An interview with Carlos Montero


Med:  What types of meditation do you find most effective? Carlos: The effectiveness of one form, or technique, of meditation practice over another depends on each practitioner. Every person has a different karma and some techniques are better suited for some people than others. The most traditional practice is sitting meditation. However, some people cannot sit well. Maybe they have too much energy, or their thinking is VERY strong.

Then we suggest they try chanting or bowing. Bowing is one of the most powerful techniques because it involves the active engagement of the whole body. It is also very humbling. I like bowing a great deal and recommend it to people all the time. In most of our centers however we focus on sitting and chanting. Ultimately the point of meditation is to return to this moment, before thinking.

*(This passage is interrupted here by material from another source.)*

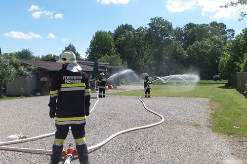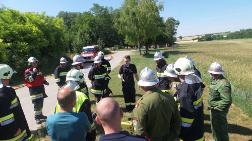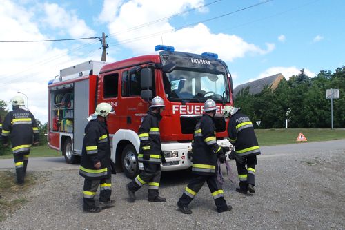 Am 16.7.2021 fand die Ausbildungsprüfung Atemschutz in Eichhorn statt. 4 Gruppen stellten sich der Prüfung unter Hauptprüfer HBI Franz Stary und den Prüfern OLM Martin Setik und LM Thomas Bock. Bei dieser Prüfung sind vier Stationen zu absolvieren: Zu Beginn wird das richtige Ausrüsten mit schwerem Atemschutz überprüft, anschließend muss in einem verrauchten Raum eine Person gerettet werden und eventuell vorhandene Schadstoffe gemeldet werden. Weiters muss eine Hindernisstrecke mit einer Löschleitung überwunden werden. Zum Abschluss müssen die Geräte noch richtig versorgt werden und die Einsatzbereitschaft wieder hergestellt werden, auch das wird von den Prüfern überwacht. Nebenbei musste der Gruppenkommandant auch noch Fragen zum Thema Atemschutz beantworten. Alle 4 Gruppen haben diese Prüfung mit Bravour bestanden. Die Leistungsabzeichen wurden im Anschluss von den Prüfern gemeinsam mit dem Abschnittsfeuerwehrkommandanten BFR Edi Kammerer und dem Stadtrat Johannes Bättig überreicht. Danke an Franz Stary mit seinem Team für die Abnahme der Prüfung aber auch für die Unterstützung bei den Übungen vorher, und an EOLM Hannes Kammerer aus Niederabsdorf der für die Füllung der Atemschutzflaschen vor Ort war.

This can be achieved with any technique or form of meditation as long as one tries. Once a person finds a meditation technique that suits him/her it is important to stick with it and continue practicing 100%. Then it is necessary to bring this formal practice and awareness into everyday life. In that manner it is possible to return to the now at any time, when driving, eating, sleeping, etc. After all, Zen mind is ordinary, moment to moment mind.

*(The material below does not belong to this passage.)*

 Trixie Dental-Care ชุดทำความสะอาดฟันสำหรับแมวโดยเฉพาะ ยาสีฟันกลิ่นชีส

Med:  Thank you. This is all very good. I would like to return to the look a bit closer at a few of these forms, perhaps with a focus on bowing as meditation. However, first as it is always encouraging to read personal accounts, I would like to hear about how and where you yourself started meditation. Carlos: You are welcome. The links below are from our group's website. It explains each of the forms and it has links to more information on them. I think this will answer any question you may have on them: Sitting as Practice - South Florida Zen Center, Chanting as Practice - South Florida Zen Center, and Bowing as Practice - South Florida Zen Center. Personally, I started meditation by doing zen meditation in 1997 at the Providence Zen Center in Rhode Island. This is the head temple of the Kwan Um School of Zen founded by Korean Zen Master Seung Sahn. I decided to begin meditation because it was recommended to me by my golf coach. I was a competitive golfer and he suggested that I worked on the mental aspect of the game through meditation. This was the entry point but the truth is that Zen helped me with my life much more than with my golf game.

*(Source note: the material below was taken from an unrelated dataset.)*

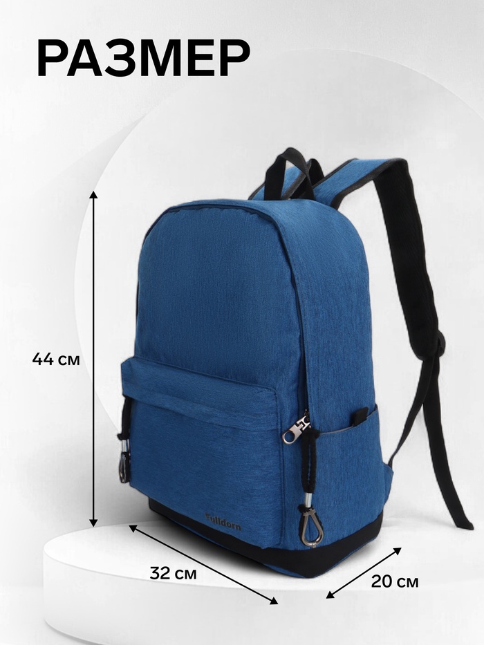 Рюкзак школьный FULLDORN на молнии, с карманами, однотонный, размер 32×20×44 см, синий

At that time I had many questions about life and had a lot of suffering. I didn't understand myself, didn't know what I wanted or why I wanted it. The simple Zen philosophy of putting it all down including all likes, dislikes, desires, opinions, etc was what I needed to learn in order to regain some balance in my life. It is not enough to learn it of course, practice is necessary to attain and digest this understanding.

So I immersed myself in this practice and have been doing it since. It really helped my life and that is why I continue to practice it. Now, as one of many teachers of meditation, I enjoy how it both helps me and helps those around me. I started the South Florida Zen group to be able to offer this practice to everyone here. Ultimately this practice is for the whole world, not just for one person.